In the related-art reference voltage circuit having the above-mentioned configuration, a current flowing through the NMOS transistor 103, which has a low threshold voltage, is copied by a current mirror circuit formed of the PMOS transistor 107 and the PMOS transistor 106, and the copied current serves as a drain current of the PMOS transistor 106. The drain current of the PMOS transistor 106 flows through the NMOS transistor 102 having a normal threshold voltage via the resistor 104. Thus, when the NMOS transistor 103 and the NMOS transistor 102 have the same drive capability and both the NMOS transistors perform saturated operation, both the NMOS transistors have the same overdrive voltage. Thus, a voltage corresponding to a difference in threshold voltages between both the NMOS transistors is applied to the resistor 104. The voltage applied to the resistor 104 does not change depending on temperature because changes in threshold voltages of both the NMOS transistors due to a temperature change are approximately the same (for example, see Japanese Patent Application Laid-open No. 2010-152510). A circuit formed of the PMOS transistor 201 and the resistor 202 is an additional circuit configured to output a voltage based on the voltage applied to the resistor 104 to the output terminal 108 by the GND terminal reference. With this additional circuit, a current flowing through the resistor 104 is copied and the copied current serves as a drain current of the PMOS transistor 201, and hence a current having the same value as the current flowing through the resistor 104 flows through the resistor 202. Thus, the resistor 104 and the resistor 202 are formed of the same material, and the resistor 202 is set to have a resistance value that is a fraction of the resistance value of the resistor 104, thereby being capable of outputting a voltage that is a fraction of the voltage applied to the resistor 104, from the output terminal 108 by the GND terminal 101 reference voltage.

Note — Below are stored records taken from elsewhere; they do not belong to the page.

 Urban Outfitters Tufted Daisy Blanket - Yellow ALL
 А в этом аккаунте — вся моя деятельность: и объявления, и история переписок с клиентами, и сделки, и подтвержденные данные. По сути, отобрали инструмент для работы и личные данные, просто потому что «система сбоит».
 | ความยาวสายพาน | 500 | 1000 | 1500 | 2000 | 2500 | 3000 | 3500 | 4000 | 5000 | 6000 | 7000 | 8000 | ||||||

Further, a minimum operating voltage of the related-art reference voltage circuit having the above-mentioned configuration is a power supply voltage with which the NMOS transistor 103 or the PMOS transistor 106 can perform the saturated operation. That is, the minimum operating voltage is a higher one of a voltage obtained by adding the overdrive voltage of the NMOS transistor 103 to a voltage obtained by adding an absolute value of a threshold voltage of the PMOS transistor 107 and an overdrive voltage thereof, and a voltage obtained by adding an overdrive voltage of the PMOS transistor 106 to a voltage obtained by adding the threshold voltage of the NMOS transistor 102 and the overdrive voltage thereof. If the overdrive voltages are set to be values small enough to be ignored, the minimum operating voltage can be reduced to a higher one of the absolute value of the threshold voltage of the PMOS transistor 107 and the threshold voltage of the NMOS transistor 102.

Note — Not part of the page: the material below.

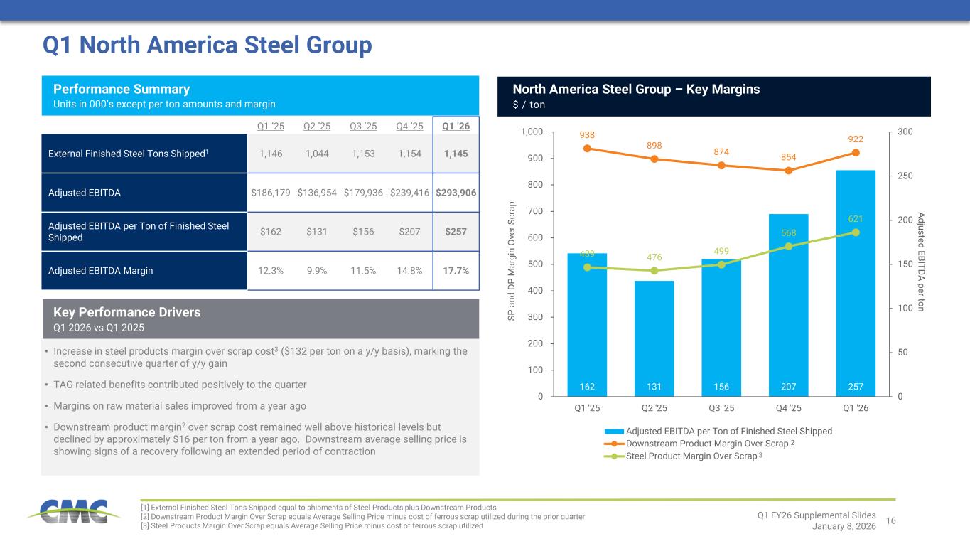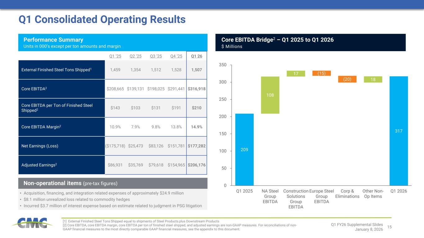 15 209 317 108 17 (15) (20) 18 0 50 100 150 200 250 300 350 Q1 2025 NA Steel Group EBITDA Construction Solutions Group EBITDA Europe Steel Group EBITDA Corp & Eliminations Other Non- Op Items Q1 2026 Q1 Consolidated Operating Results Q1 ’25 Q2 ’25 Q3 ’25 Q4 ’25 Q1 26 External Finished Steel Tons Shipped1 1,459 1,354 1,512 1,528 1,507 Core EBITDA2 $208,665 $139,131 $198,025 $291,441 $316,918 Core EBITDA per Ton of Finished Steel Shipped2 $143 $103 $131 $191 $210 Core EBITDA Margin2 10.9% 7.9% 9.8% 13.8% 14.9% Net Earnings (Loss) ($175,718) $25,473 $83,126 $151,781 $177,282 Adjusted Earnings2 $86,931 $35,769 $79,618 $154,965 $206,176 Performance Summary Units in 000’s except per ton amounts and margin • Acquisition, financing, and integration related expenses of approximately $24.9 million • $8.1 million unrealized loss related to commodity hedges • Incurred $3.7 million of interest expense based on estimate related to judgment in PSG litigation Non-operational items (pre-tax figures) [1] External Finished Steel Tons Shipped equal to shipments of Steel Products plus Downstream Products [2] Core EBITDA, core EBITDA margin, core EBITDA per ton of finished steel shipped, and adjusted earnings are non-GAAP measures. For reconciliations of non- GAAP financial measures to the most directly comparable GAAP financial measures, see the appendix to this document. Core EBITDA Bridge2 – Q1 2025 to Q1 2026 $ Millions Q1 FY26 Supplemental Slides January 8, 2026

As described above, the related-art reference voltage circuit is capable of outputting a voltage that is less liable to change due to a temperature change and operating at low voltage, but has a problem in that the reference voltage circuit requires an additional circuit when outputting a GND terminal reference, resulting in an increase in current consumption due the addition of the circuit.